Criterion’s version of All About Eve comes from a new 4K digital restoration. While the picture quality looks fine for the most part, there does seem to be a certain sparkle lacking, especially compared to some other 4K restorations of films from a similar period. Maybe it was down to the available materials but the picture looked a little soft in places. It is by no means bad – just don’t expect to be floored by it. The mono audio soundtrack (liner PCM) sounds absolutely fine, with everything coming through clear and sharp.

The extras are as follows:

  • Two audio commentaries from 2010, one featuring actor Celeste Holm, director Joseph L. Mankiewicz’s son Christopher Mankiewicz, and author Kenneth L. Geist; the other featuring author Sam Staggs
  • All About Mankiewicz, a feature-length documentary from 1983 about the director
  • Episodes of The Dick Cavett Show from 1969 and 1980 featuring actors Bette Davis and Gary Merrill
  • New interview with costume historian Larry McQueen
  • Hollywood Backstories: “All About Eve,” a 2001 documentary featuring interviews with Davis and others about the making of the film
  • Documentaries from 2010 about Mankiewicz’s life and career; “The Wisdom of Eve,” the 1946 short story on which the film is based, and its real-world inspiration; and a real-life Sarah Siddons Society based on the film’s fictional organization
  • Radio adaptation of the film from 1951
  • Promotion for the film featuring Davis

Commentary One: The first commentary features Christopher Mankiewicz (the director’s son) author Kenneth L. Geist and, rather miraculously, Celeste Homes. All three have been recorded separately and spliced together, with some rather long gaps appearing in-between comments. Geist puts forward a few interesting theories (such as suggesting that Eve was made by Mankiewicz as a jealous response to his brother’s screenplay for Citizen Kane) but at times he can come across as slightly fawning and meandering. Celeste Homes (very much sounding her age) contributes the least, but what she does say is of interest.
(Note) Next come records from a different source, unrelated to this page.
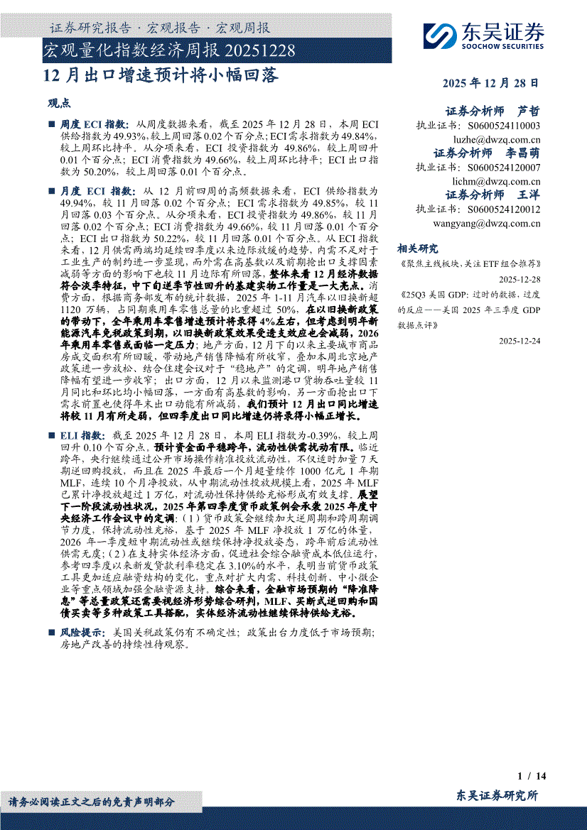 东吴证券-宏观量化指数经济周报:12月出口增速预计将小幅回落-251228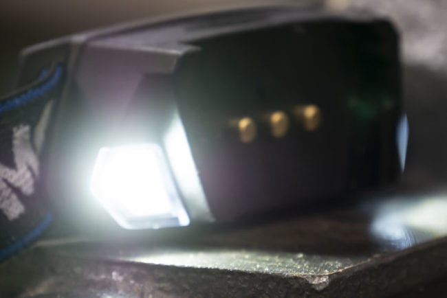 Meanwhile, the base of the headlamp also has separate LEDs that light up when you detach the flashlight. These cast 38 lumens for up to 6 hours with a 14-meter throw.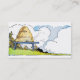 A custom business card with brown and orange retro script and block letters and a vintage etching of a happy straw beehive with buzzing bees against white clouds.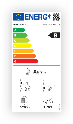 Enerji etiketinde, A-G aralığında enerji verimliliği sınıf, A-E aralığında kazara düşmelere karşı dayanıklılık sınıfı, A-E aralığında tamir edilebilirlik sınıfı, Bataryanın yönetmelikte belirtilen şartlarda kullanım süresi ve IPXY olarak adlandırılan toza ve suya karşı dayanımı göstermektedir. IPXY tanımı aslında uzun yıllardır hayatımızda olan bir sınıflandırma ancak bu konuya yazımın sonunda yer vermek istiyorum.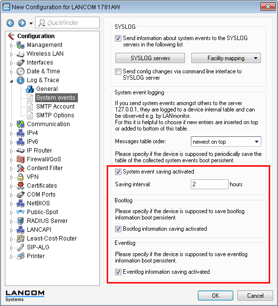 In LANconfig, the settings for the boot-persistent SYSLOG, event log and boot-log messages are to be found under .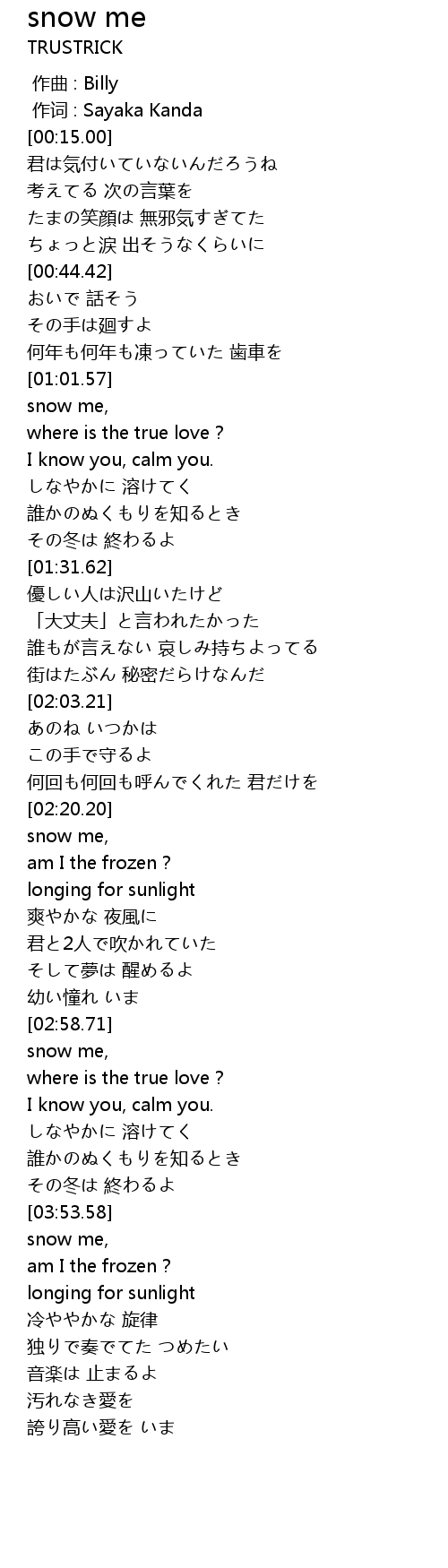 | [03:56.94] | am I the frozen? |

The real meat of the commentary, however, comes from Christopher Mankiewicz, who offers some fascinating and candid reflections on his late father. If you only have time for one commentary, make it this one.

Commentary Two: For the author who wrote a book called All About All About Eve: The complete behind the scenes story of the bitchiest film ever made, Sam Staggs offers a disappointing lack of bitchy gossip and trivia in his commentary. He does make up for it through by providing an absolute wealth of other information, albeit delivered rather dryly and with longish gaps towards the end.

All About Mankiewicz: Arguably the jewel of the extras, this is an almost two hour long interview with Joseph Mankiewicz. Shot in the early 80s, both in Berlin (complete with wall) and at Mankiewicz’s home in upstate New York, this breaks away from a standard documentary format. In it, a bespectacled interviewer (whom Mankiewicz almost never agrees with) probes him about his life and career. The result is a long rambling conversation that feels like you have just spent two hours in the director’s company. He proves to be a great raconteur and, as well as providing thoughts and analysis on his own career, offers a treasure trove of anecdotes on everyone from Marlon Brando to W.C. Fields. There are a full dull moments here and there, and while the format and style may put a few people off, this is still an essential watch. 

Costumes: Costume Historian Larry McQueen offers a history and analysis of the costumes in All About Eve, going into detail about the famous moment when Bette Davis saved the day when a dress she was meant to wear didn’t fit – the result was one of the most iconic dresses in cinema. The most fascinating element here though is McQueen’s analysis of how Margo and Eve’s costumes change throughout the film, helping to visualise the battle between them.

Betty Davis Interview: This is an incredibly short interview with Bette Davis on the set of All About Eve. Don’t get too excited however. It feels staged and rather corny and is over practically as soon as it has begun. 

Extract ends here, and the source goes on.